18 Qualities You Need To Find In A Partner Before You Commit To Them | Thought Catalog
Both partners protect and nourish the relationship and make it a priority and needs is the best way to become emotionally close to someone. 15 Traits of a Healthy Relationship- A Great Checklist | survivingtheloss says. Relationships can be difficult. Focusing on external qualifiers makes it even harder. But successful relationships require something much deeper than shared . Not everyone runs a mental checklist before taking the ultimate leap — some just know. Trustworthy: Even if every other aspect of your relationship is solid, the.
When we praise our partner we strengthen our connection, bond and love. Intimacy is the difference between your relationship with your barista and your relationship with your spouse. You build intimacy over time. Intimacy is the feeling of belonging and being loved. The one quality that consistently helps couples through adversity or tragedy is mutual respect. Self-esteem is essential to feel secure and satisfied with yourself so it makes sense that a high esteem and respect for your partner is an essential ingredient in a lasting relationship, both in joyous and challenging times.
It means seeing things from their point of view and not just your own.

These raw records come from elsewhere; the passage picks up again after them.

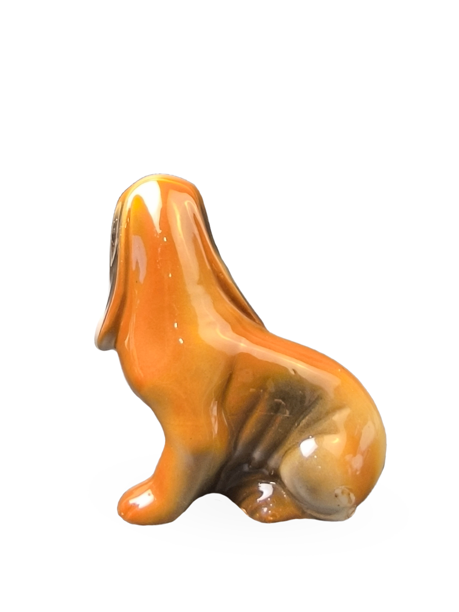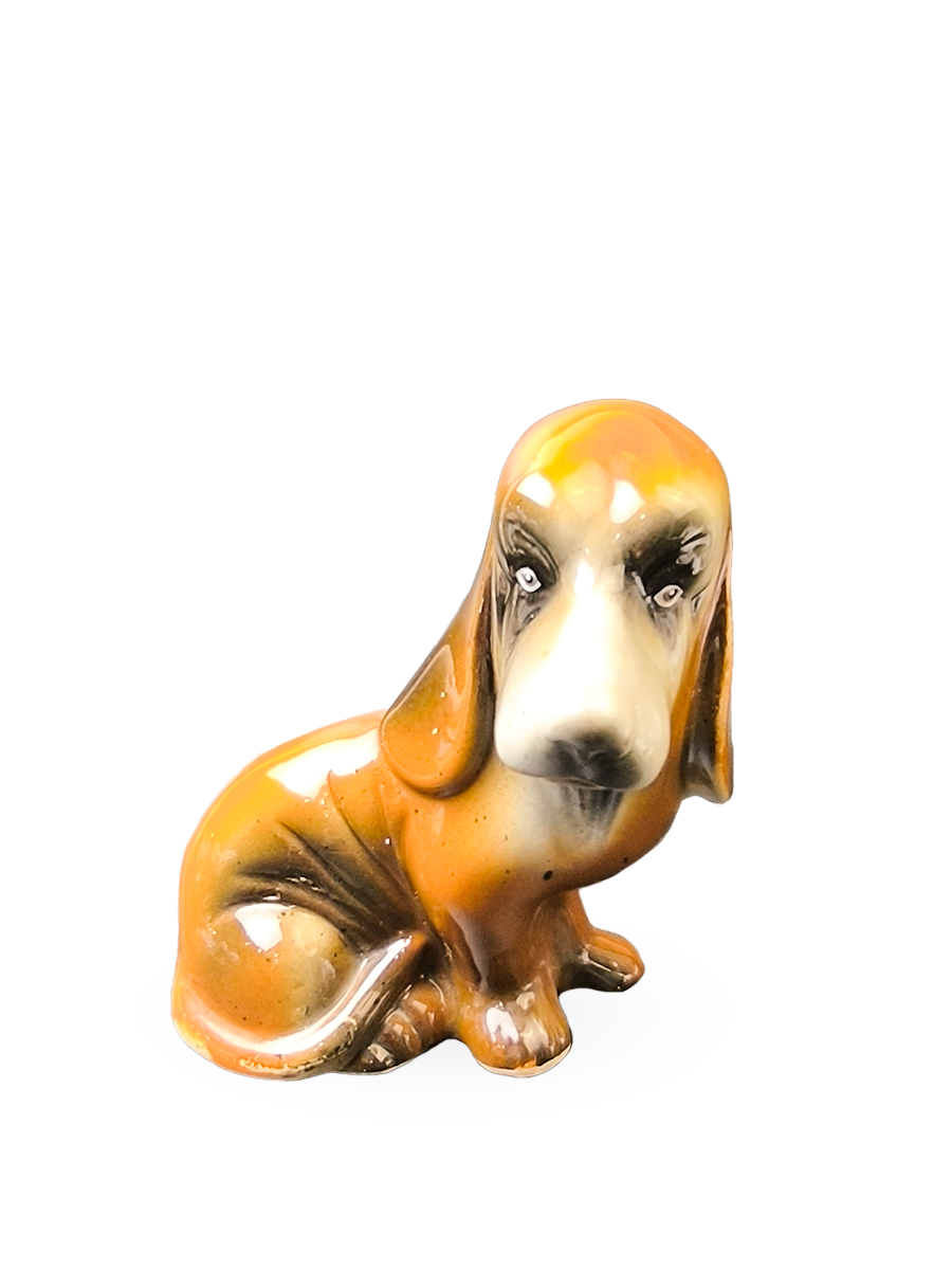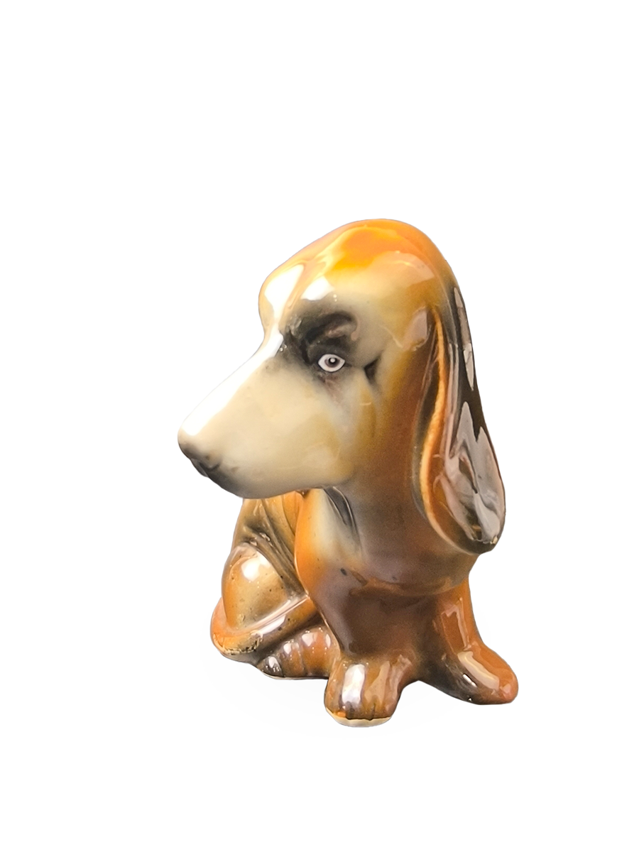 Эта винтажная керамическая фигурка изображает очаровательного бассет-хаунда в классической позе.
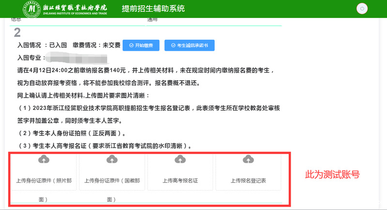 入围综合测评资格的考生请在4月12日24:00前登录浙江经贸职业技术学院招生信息网(//www.hailinghu4.com)进行网上确认和网上缴费。报名费标准为140元/人。若在规定时间内未缴纳报名费的考生视为自动放弃,不得参加综合测评考试。完成缴费但未参加综合测评的考生,报名费概不退还。
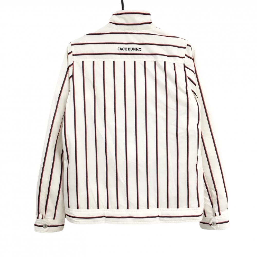 ジャックバニー 中綿ジャケット アイボリー×ネイビー ストライプ柄 ロゴワッペン レディース 2(L) ゴルフウェア Jack Bunny
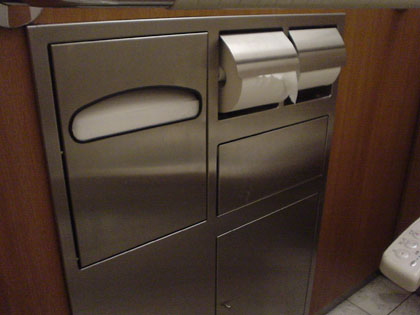 多目的トイレの洗面台には液体石鹸、一般トイレと違いコチラのトイレにはエアータオルの代わりに紙タオルが設置されています。
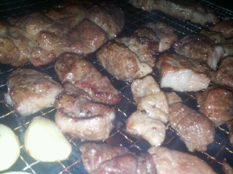 목살에 통마늘구이 입니다... 저는 바베큐할때 삼겹살보다 목살을 선호 하는편입니다.
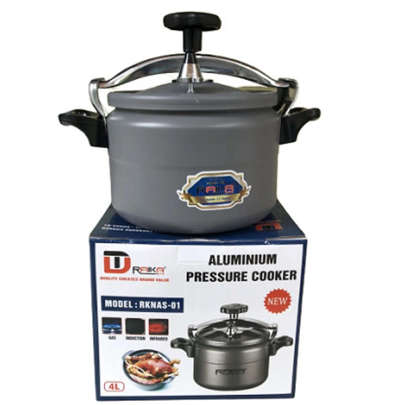 - Nồi áp suất RAIKA 4 lít Đạt Tường RKNAS-01 có dung tích 4L với thiết phù hợp, có tay cầm nhựa chịu nhiệt giúp bạn dễ dàng di chuyển mà không lo bị bỏng. Mặc dù sản phẩm có giá thành khá rẻ nhưng nồi vẫn đảm bảo đủ các điều kiện để người dùng có thể sử dụng như: nắp nồi khóa kín, hệ thống van xả áp….Trên nắp nồi là hệ thống van xả an toàn giúp giải phóng nhanh áp suất và không gây cháy nổ.
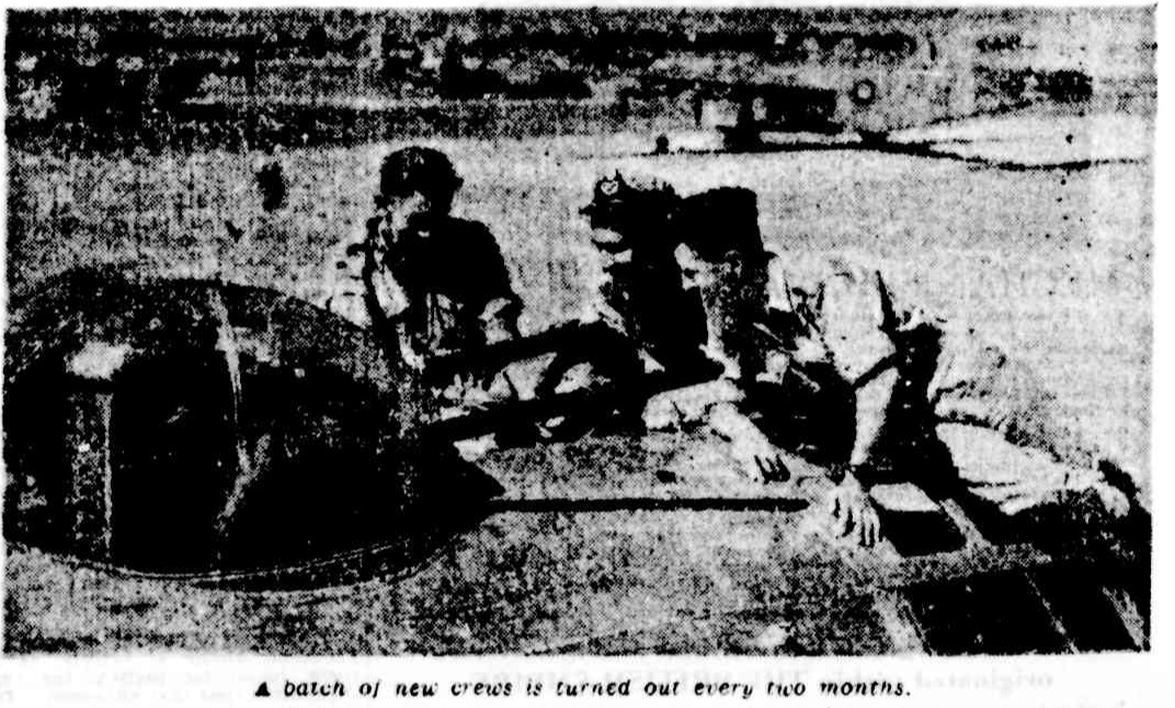 A batch of new crews is turned out every two months. Tocumwal has over 50 giant Liberators for training alone.
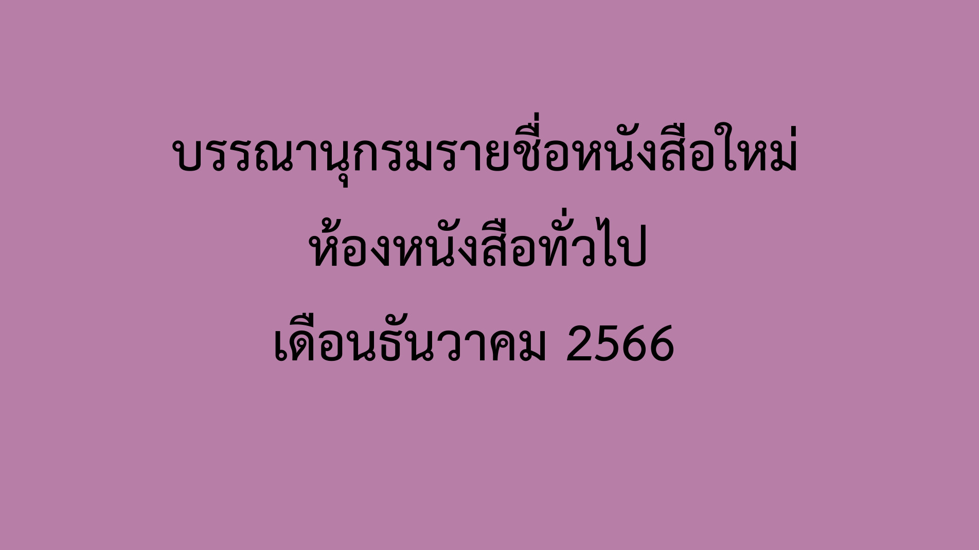 บรรณานุกรมรายชื่อหนังสือใหม่ ห้องหนังสือทั่วไป ประจำเดือนธันวาคม 2568
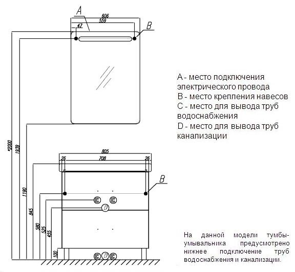 • Дополнительно организовано нижнее подключение труб водоснабжения и канализации
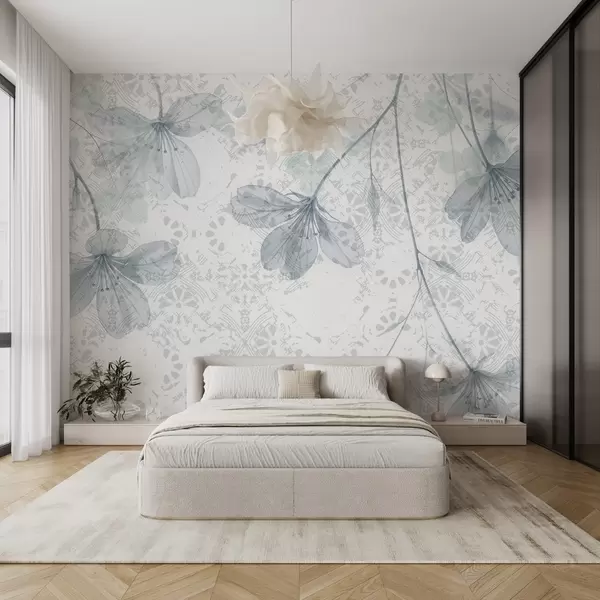 Fototapety Jemné modré a biele kvety s dlhými stonkami a okvetnými lístkami na jemnom, rozmazanom texturálnom pozadí Nr. w08588
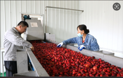 一大早,府谷县哈镇糜茬墕村阴尔崖组村民王喜林拉着自家的海红果来到聚金邦农产品开发公司。经过品质查验、称重后,一颗颗红彤彤的海红果进入生产车间,成为销往周边乃至全国各地的畅销产品。
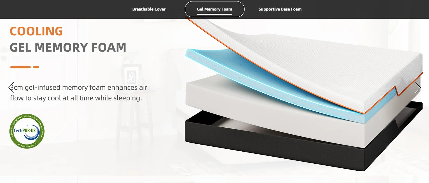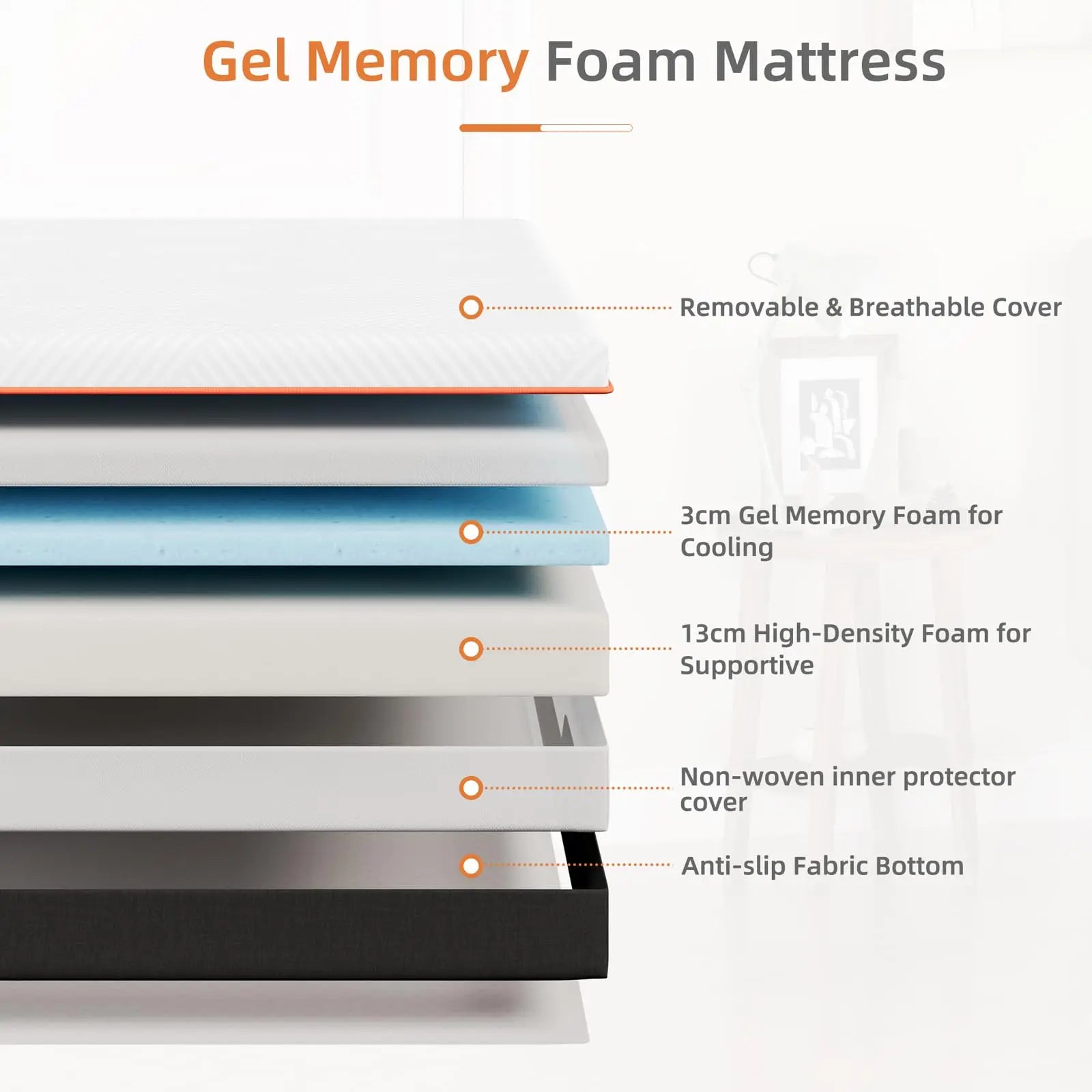 1.MEMORY FOAM MATTRESS: This 16cm memory foam mattress features a 2-layer design that includes 3cm cooling gel memory foam and 13cm supportive base foam. The foam on top is a gel-infused memory foam that can effectively relieve your body pressure, and give you a cooling and cloud-like sleep experience; The high density base foam gives your body perfect support from head to toe and resists sagging
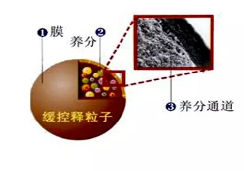 通過高科技製成的高分子樹脂包膜外殼來完成的,它的核心是把複合肥料或單質肥料包上一層均勻的外殼。當肥料施入土壤後,土壤水分從膜孔進入,溶解了一部分養分,形成飽和溶液,然後通過膜孔釋放出來,當溫度升高時,植物生長加快,養分需求量加大,肥料釋放速率也隨之加快;當溫度降低時,植物生長緩慢或休眠,肥料釋放速率也隨之變慢或停止釋放。

These vows are what keep people together happily over the long term. There is no other way to show your spouse you love them except through action. We love through physical touchwords of affirmation, quality time, acts of service and gifts.
Personal Qualities List
You treat them as the special person they are — your one and only. Keep listening and understanding each other. Every ounce of listening effort will pay off tenfold. They develop a strong sense of independence and autonomy, having differentiated from destructive influences from early in life.
Personal Qualities List | Love and Compatibility Resources
As they evolve within themselves, they are less likely to look for someone to compensate for shortcomings and weaknesses or to complete their incompleteness. Having broken ties to old identities and patterns, this person is much more available to a romantic partner and the new family that they create together. Naturally, becoming emotionally mature ourselves helps with this process and dramatically improves our chances of achieving a solid and rewarding relationship.
Openness The ideal partner is open, undefended and willing to be vulnerable. No human being is perfect, so finding someone who is approachable and receptive to feedback can be a huge asset to a lasting union. When someone is free-thinking and open-minded, it enables them to be forthright in expressing feelings, thoughts, dreams and desires, which allows you to truly know them. Their openness is also an indication of their interest in personal development and often contributes to the development of the relationship.
Like perfect people, perfect unions do not exist, so finding someone with whom you can talk about an area that you feel is lacking in your relationship and who is open to evolving is more than half the battle. Conversely, being willing to accept feedback from our partners and looking for that kernel of truth in what they say allows us to develop ourselves in a similar manner.
Honesty builds trust between people. Dishonesty confuses the other person, betraying their vulnerability and shattering their sense of reality. Nothing has a more destructive impact on a close relationship between two people than dishonesty and deception. Even in painful situations such as infidelity, the blatant deception involved is often equally, if not more, hurtful than the unfaithful act itself.
The ideal partner strives to live a life of integrity so that there are no discrepancies between words and actions. This goes for all levels of communication, both verbal and nonverbal. Being open and honest in our most intimate relationships means really knowing ourselves and our intentions. While this can prove difficult, it is an effort worth striving for. Ideal partners treat each other with respect and sensitivity.
They do not try to control each other with threatening or manipulative behavior. Empathy The ideal partner perceives their mate on both an intellectual, observational level and an emotional, intuitive level.
This person is able to both understand and empathize with his or her partner.